## TASK GOAL
Take every line from the entries below that includes the word "macht" and copy it.

:: DATASET RECORDS ::

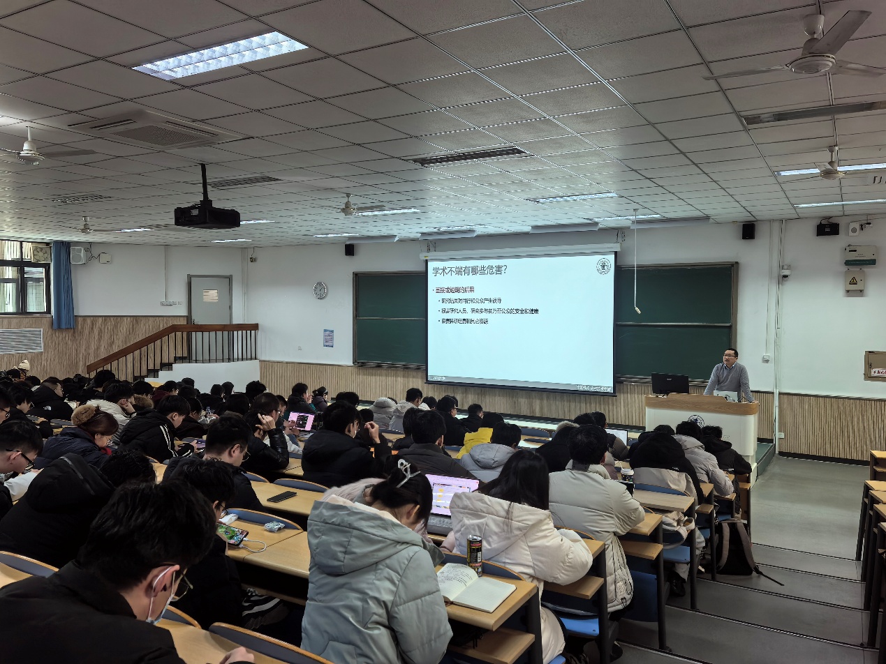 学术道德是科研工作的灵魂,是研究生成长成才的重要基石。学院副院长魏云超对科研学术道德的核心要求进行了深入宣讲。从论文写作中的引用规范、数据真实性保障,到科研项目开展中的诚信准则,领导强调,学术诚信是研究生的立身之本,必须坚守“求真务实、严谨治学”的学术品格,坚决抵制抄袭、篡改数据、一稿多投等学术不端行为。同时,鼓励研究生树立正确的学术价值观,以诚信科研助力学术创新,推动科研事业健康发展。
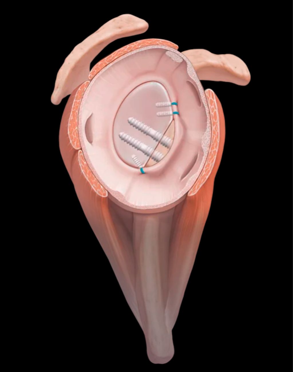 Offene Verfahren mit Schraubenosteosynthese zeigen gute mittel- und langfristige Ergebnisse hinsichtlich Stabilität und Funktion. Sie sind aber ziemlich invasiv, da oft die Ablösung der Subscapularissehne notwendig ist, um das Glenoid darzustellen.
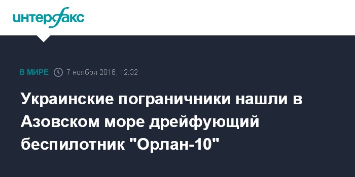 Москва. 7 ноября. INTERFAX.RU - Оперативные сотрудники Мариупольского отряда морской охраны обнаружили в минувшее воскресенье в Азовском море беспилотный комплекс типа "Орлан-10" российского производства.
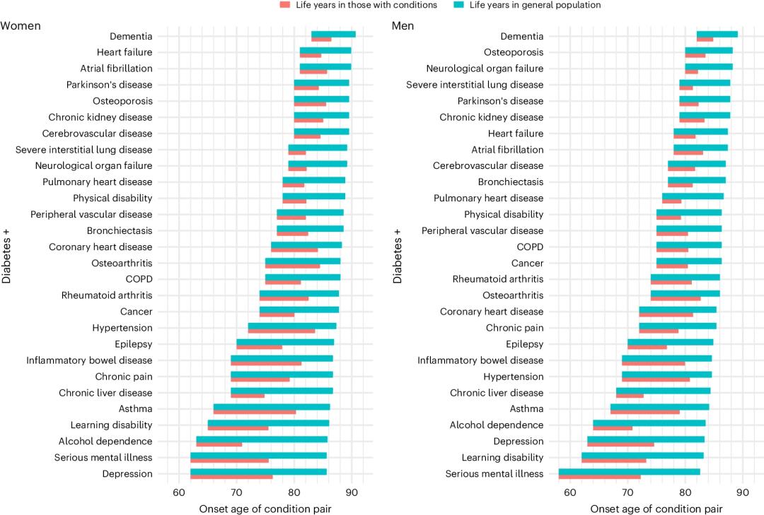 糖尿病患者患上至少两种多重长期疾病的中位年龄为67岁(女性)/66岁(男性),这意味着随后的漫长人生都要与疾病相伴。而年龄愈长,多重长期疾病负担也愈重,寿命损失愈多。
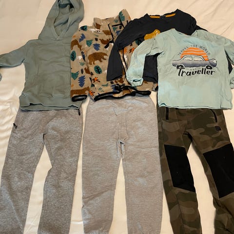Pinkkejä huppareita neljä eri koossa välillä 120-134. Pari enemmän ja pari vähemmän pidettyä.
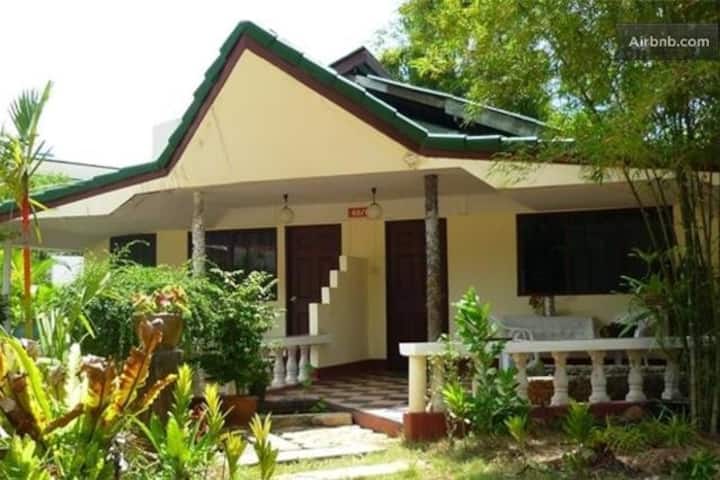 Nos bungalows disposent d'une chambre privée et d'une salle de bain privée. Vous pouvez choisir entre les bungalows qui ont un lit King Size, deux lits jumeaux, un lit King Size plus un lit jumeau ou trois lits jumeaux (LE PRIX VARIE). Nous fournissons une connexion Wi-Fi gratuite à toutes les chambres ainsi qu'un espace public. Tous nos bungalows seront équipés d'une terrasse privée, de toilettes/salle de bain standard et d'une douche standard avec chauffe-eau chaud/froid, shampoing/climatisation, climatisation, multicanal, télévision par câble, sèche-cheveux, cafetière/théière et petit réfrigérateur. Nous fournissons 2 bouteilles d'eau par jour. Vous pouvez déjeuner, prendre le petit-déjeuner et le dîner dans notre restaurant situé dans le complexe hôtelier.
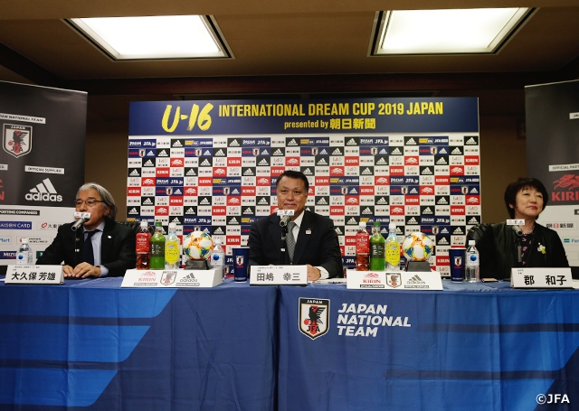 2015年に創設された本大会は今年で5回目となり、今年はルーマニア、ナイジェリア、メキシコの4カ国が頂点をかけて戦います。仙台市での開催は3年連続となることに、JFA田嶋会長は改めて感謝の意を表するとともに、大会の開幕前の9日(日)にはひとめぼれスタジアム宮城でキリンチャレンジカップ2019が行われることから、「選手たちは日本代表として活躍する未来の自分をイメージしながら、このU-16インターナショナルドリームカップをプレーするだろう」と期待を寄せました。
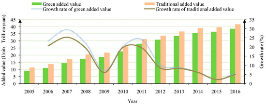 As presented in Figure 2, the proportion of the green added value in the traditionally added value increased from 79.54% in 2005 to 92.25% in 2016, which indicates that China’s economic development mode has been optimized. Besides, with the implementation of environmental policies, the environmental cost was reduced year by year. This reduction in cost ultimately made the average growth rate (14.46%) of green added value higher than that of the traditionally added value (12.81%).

:::
:: DATASET RECORDS ::

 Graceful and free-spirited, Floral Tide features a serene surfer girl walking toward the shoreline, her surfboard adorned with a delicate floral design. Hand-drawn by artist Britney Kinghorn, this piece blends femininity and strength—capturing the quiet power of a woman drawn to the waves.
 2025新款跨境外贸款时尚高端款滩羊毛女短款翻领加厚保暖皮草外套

:::
:: DATASET RECORDS ::

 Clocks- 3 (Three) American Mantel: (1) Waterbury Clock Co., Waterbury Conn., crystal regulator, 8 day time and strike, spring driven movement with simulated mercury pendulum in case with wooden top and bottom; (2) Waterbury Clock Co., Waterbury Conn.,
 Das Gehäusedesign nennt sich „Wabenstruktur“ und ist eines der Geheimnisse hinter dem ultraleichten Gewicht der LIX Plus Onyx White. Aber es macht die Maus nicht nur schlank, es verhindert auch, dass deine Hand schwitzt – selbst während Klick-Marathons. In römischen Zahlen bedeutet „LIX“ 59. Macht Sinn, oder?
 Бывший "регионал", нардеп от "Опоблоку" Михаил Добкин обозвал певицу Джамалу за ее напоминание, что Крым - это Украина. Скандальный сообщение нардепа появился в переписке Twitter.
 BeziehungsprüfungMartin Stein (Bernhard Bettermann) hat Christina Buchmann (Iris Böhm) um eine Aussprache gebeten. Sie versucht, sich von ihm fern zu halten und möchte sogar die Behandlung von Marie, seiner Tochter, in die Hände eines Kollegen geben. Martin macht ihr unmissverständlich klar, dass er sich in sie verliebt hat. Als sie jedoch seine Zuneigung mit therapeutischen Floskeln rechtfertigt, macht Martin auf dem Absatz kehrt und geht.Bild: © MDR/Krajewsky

:::

## RESULT
 Das Gehäusedesign nennt sich „Wabenstruktur“ und ist eines der Geheimnisse hinter dem ultraleichten Gewicht der LIX Plus Onyx White. Aber es macht die Maus nicht nur schlank, es verhindert auch, dass deine Hand schwitzt – selbst während Klick-Marathons. In römischen Zahlen bedeutet „LIX“ 59. Macht Sinn, oder?
 BeziehungsprüfungMartin Stein (Bernhard Bettermann) hat Christina Buchmann (Iris Böhm) um eine Aussprache gebeten. Sie versucht, sich von ihm fern zu halten und möchte sogar die Behandlung von Marie, seiner Tochter, in die Hände eines Kollegen geben. Martin macht ihr unmissverständlich klar, dass er sich in sie verliebt hat. Als sie jedoch seine Zuneigung mit therapeutischen Floskeln rechtfertigt, macht Martin auf dem Absatz kehrt und geht.Bild: © MDR/Krajewsky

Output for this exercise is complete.